Bulge Formation at Intermediate Redshift
Lauren MacArthur
June 20-22, 2007
We are addressing these and other related questions with a sample of bulges
spanning the redshift range 0.1<z<1.0 selected from the GOODS survey.
We use the GOODS HST-ACS imaging (left panels) to extract the photometric
parameters of the bulge component using simultaneous bulge-to-disk
decompositions (middle panels) and spectroscopy from DEIMOS
on Keck to derive kinematic parameters (right panels; upper is the velocity
dispersion profile, lower is the rotation curve). These data allow us to
construct the Fundamental Plane for our distant bulges which, in turn,
yields constraints their mass assembly history. Our analysis
culminates with a comparison of our results with similar analyses of pure
spheroidal galaxies (ellipticals and lenticulars) and with predictions from
hierarchical galaxy formation models to help distinguish between the above
scenarios for bulge formation and evolution.

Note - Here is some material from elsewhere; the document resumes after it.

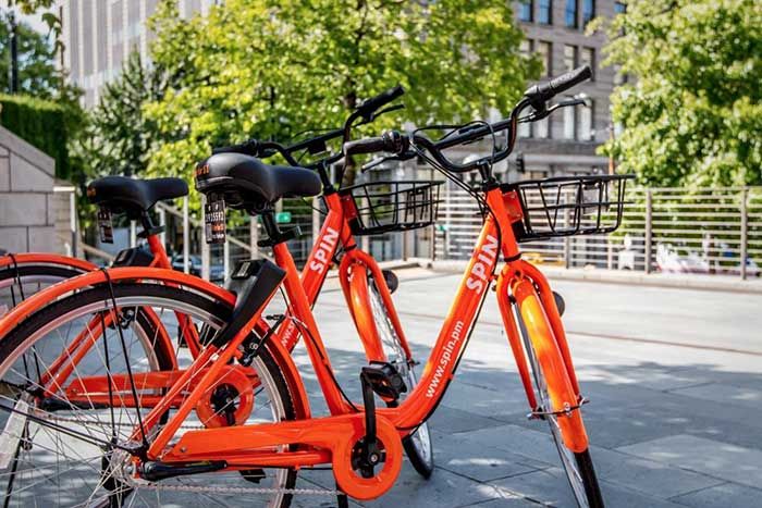 The Bikes: Compared with LimeBike, the Spin bikes are easier to use and much lighter. The safety light in the back turns on automatically once you unlock the bike. Spin bikes might just be my favorite to ride around town on. I also noticed that the Spin bike fits comfortably on the bike rack of CATS buses.

The history of the formation and evolution of galactic bulges remains a key
issue in understanding the origin of the Hubble sequence.

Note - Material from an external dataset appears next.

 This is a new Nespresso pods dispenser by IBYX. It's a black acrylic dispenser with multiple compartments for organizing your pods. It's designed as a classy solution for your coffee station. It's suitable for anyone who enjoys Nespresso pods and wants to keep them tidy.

Originally thought to form at high redshift as "miniature ellipticals"
through dissipationless collapse, their continued growth as predicted via
the merging of smaller fragments in hierarchical
models is consistent with the diversity observed in their present-day stellar
populations. However, what governs this growth and whether it is related to
the properties of galactic disks is unclear. Some authors have argued for
a secular bulge growth by the dynamical rearrangement of disk material in
the presence of a bar, while others argue that bulges follow the same
evolutionary path as pure spheroidal galaxies. Any bulge evolution scenario
must also be consistent with the tight empirical correlation between
bulge and central black hole masses. The wide range in physical scales
spanned by these scaling relations presents a major theoretical challenge.